• _REQUIRED ACTION_: Could you repeat exactly the lines below, from the line containing "Jock Stein’s autograph" through the last one, both included, while leaving out any pictures?

[Opening DATASET EXCERPTS section]

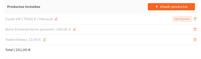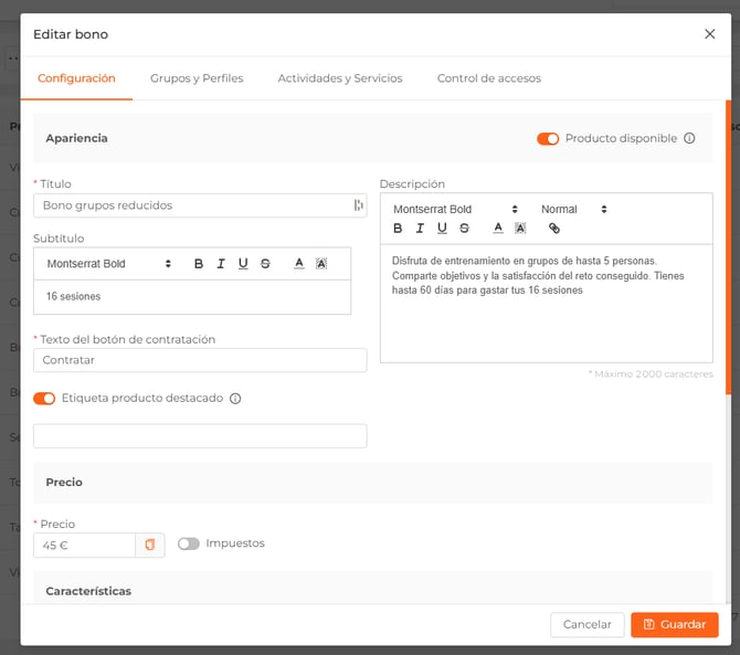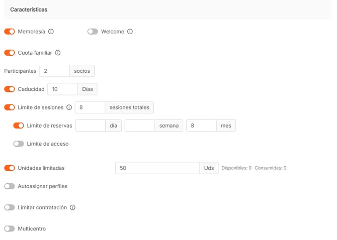 - Características. Mostrará etiquetas con las características configuradas en el producto, como membresía, welcome, prorrateo, familiar y multicentro (sólo aparecerá si el centro pertenece a una cadena).
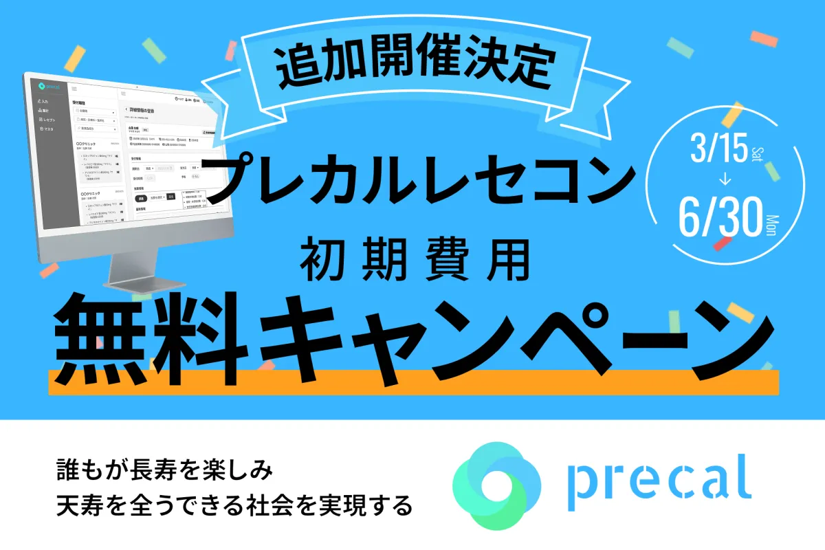 追加開催されるキャンペーンは、2025年3月15日から6月30日までの期間で実施されます。この期間中に「プレカルレセコン」を導入した薬局は、初期費用が無料で利用できます。
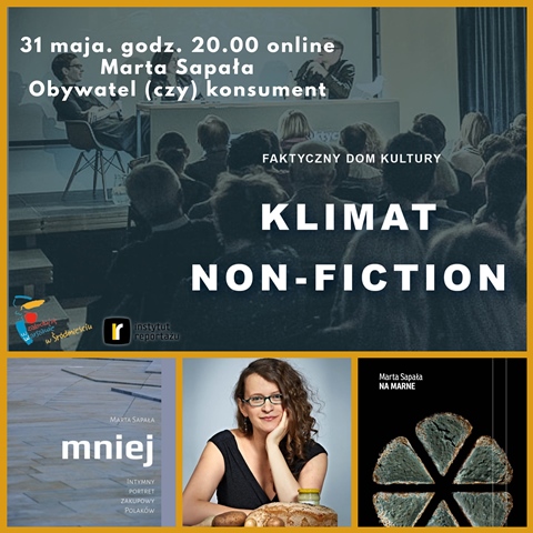 autor: Biblioteka, dnia: 27.05.2020W najbliższą niedziele, 31 maja o godz. 20.00 Faktyczny Dom Kultury zaprasza na wirtualne spotkanie live z cyklu Klimat Non-Fiction: Obywatel (czy) konsument. Organizatorzy gościć będą dziennikarkę Martę Sapałę, autorkę poruszającą w swoich publikacjach tematykę postaw i wyborów konsumenckich.
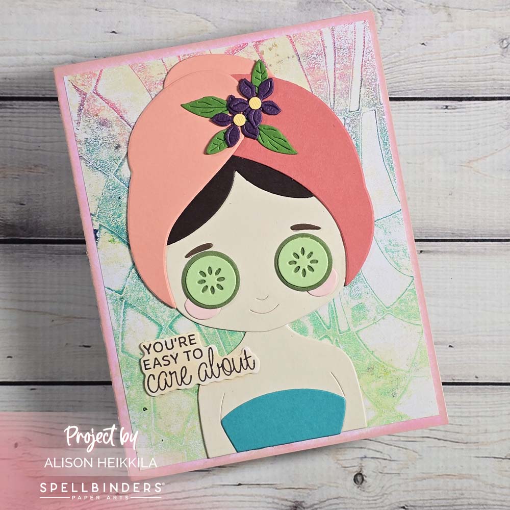 This card would be great to use if you give someone the gift of a massage, facial, etc. It’s also a great one to use to remind folks to slow down and take care of themselves. How would you use this card? I’m so glad I got to use a monoprint on this card. If you visit A Colorful Life Designs, you can use my code AlFan10 to save 10%. Be sure to visit Spellbinders to see all of this month’s Clubs. Thanks for stopping by. Have an inspiring day!
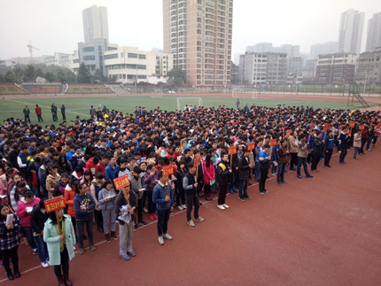 20151130日早晨七点,高三年级(1)一月一次的晨训在学校运动场举行。本次晨训围绕近期高考复习备考展开,由年级支部书记刘元庆主持。
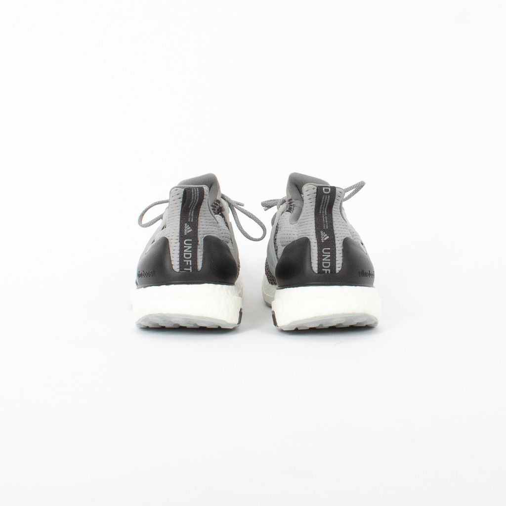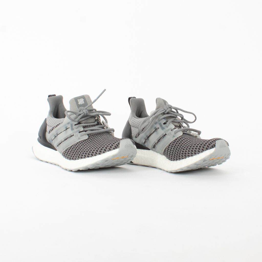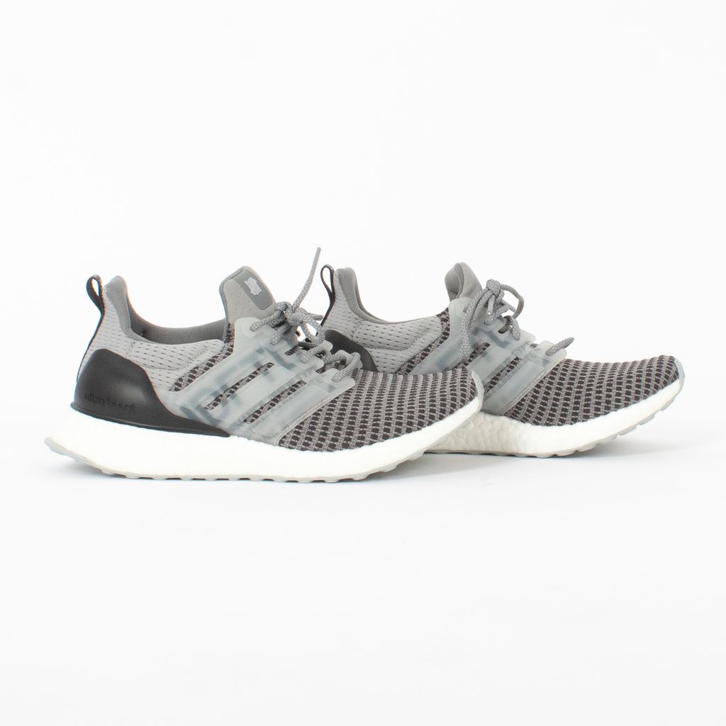 Coming from a recent collaboration between Undefeated and Adidas, these lightweight sneakers pack a heavy design punch. Features Ultra Boost cushioned and contrast colored sole, semi-sheer lace up overlay with UNDFTD text, all over mesh body construction, tonal grey coloring on interior neck, Undefeated logo on tongue, tonal laces, and Undefeated x Adidas trim/pull tab at heel.
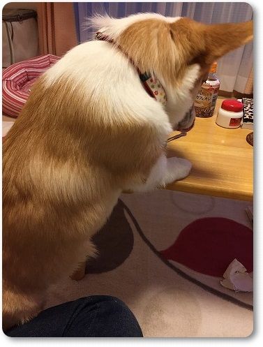 テーブルの上のモノを、くわえようとするので、余計なものは置いておけません。
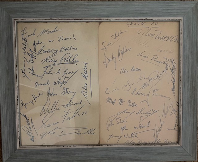 Jock Stein’s autograph along with Jimmy Gribben and the Celtic players of the 1950s.
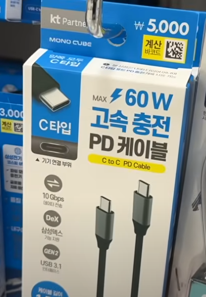 - 케이블 (파일 전송 포함): 5천 원짜리 60W 고속 충전 PD 케이블
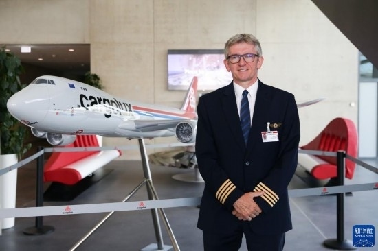 8月1日,在盧森堡貨航總部,盧森堡貨航飛行運營執(zhí)行副總裁克洛德·澤倫站在貨機模型前。新華社記者 鄭煥松 攝
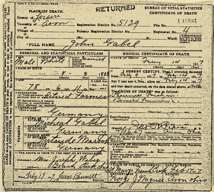 Name: John Gabel, 78 yr. old white married male b. 03 Aug 1838, Germany

[Closing DATASET EXCERPTS section]

• _ANSWER FOR THE TASK_:
 Jock Stein’s autograph along with Jimmy Gribben and the Celtic players of the 1950s.
 - 케이블 (파일 전송 포함): 5천 원짜리 60W 고속 충전 PD 케이블
 8月1日,在盧森堡貨航總部,盧森堡貨航飛行運營執(zhí)行副總裁克洛德·澤倫站在貨機模型前。新華社記者 鄭煥松 攝
 Name: John Gabel, 78 yr. old white married male b. 03 Aug 1838, Germany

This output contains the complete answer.